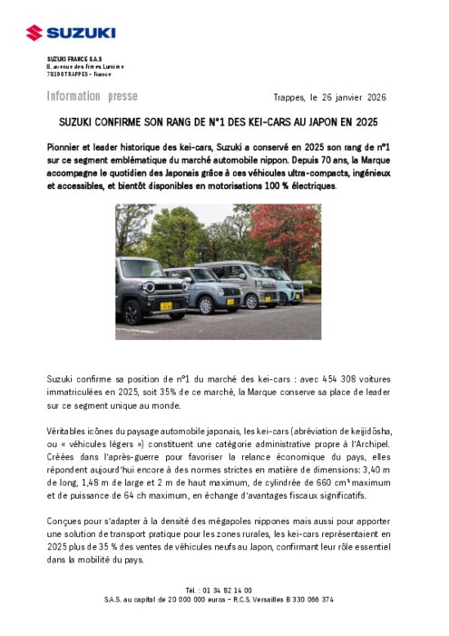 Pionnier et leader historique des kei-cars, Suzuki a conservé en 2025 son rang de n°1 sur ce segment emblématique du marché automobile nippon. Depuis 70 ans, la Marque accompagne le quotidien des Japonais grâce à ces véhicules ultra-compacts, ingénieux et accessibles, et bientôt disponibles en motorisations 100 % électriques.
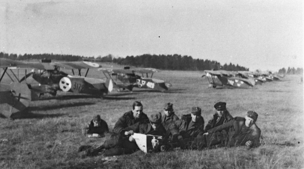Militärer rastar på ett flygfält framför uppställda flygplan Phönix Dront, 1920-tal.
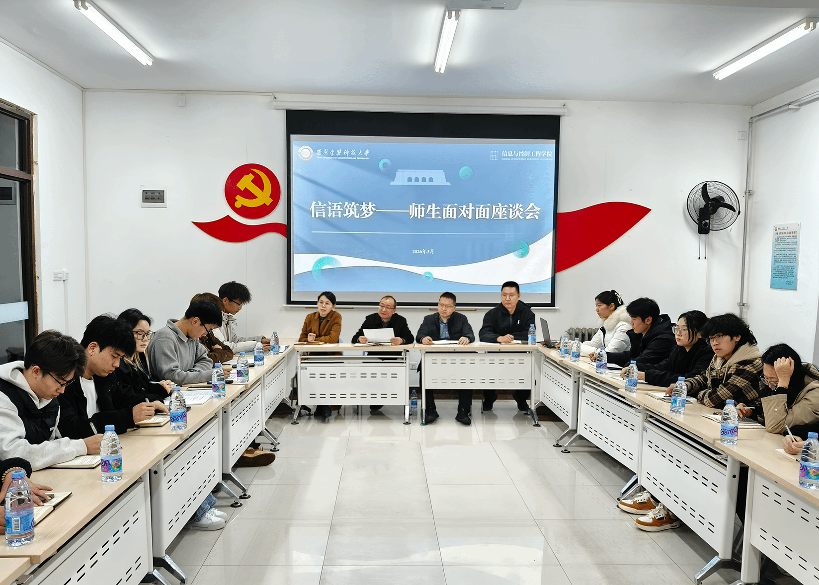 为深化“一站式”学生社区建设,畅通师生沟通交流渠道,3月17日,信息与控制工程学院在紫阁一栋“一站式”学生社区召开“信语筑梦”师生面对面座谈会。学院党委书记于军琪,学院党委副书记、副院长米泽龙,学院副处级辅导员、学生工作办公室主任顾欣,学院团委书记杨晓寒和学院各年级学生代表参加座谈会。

...

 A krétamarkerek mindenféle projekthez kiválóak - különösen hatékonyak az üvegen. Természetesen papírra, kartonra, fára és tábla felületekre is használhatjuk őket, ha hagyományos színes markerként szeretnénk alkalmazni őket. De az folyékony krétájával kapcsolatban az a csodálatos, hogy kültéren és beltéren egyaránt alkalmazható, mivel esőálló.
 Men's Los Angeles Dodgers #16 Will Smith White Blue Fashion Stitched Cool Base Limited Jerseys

Exercise brief:
Copy out the lines above exactly, beginning at the one that contains "A krétamarkerek mindenféle" and ending at the one that contains "Men's Los Angeles".

Solution:
 A krétamarkerek mindenféle projekthez kiválóak - különösen hatékonyak az üvegen. Természetesen papírra, kartonra, fára és tábla felületekre is használhatjuk őket, ha hagyományos színes markerként szeretnénk alkalmazni őket. De az folyékony krétájával kapcsolatban az a csodálatos, hogy kültéren és beltéren egyaránt alkalmazható, mivel esőálló.
 Men's Los Angeles Dodgers #16 Will Smith White Blue Fashion Stitched Cool Base Limited Jerseys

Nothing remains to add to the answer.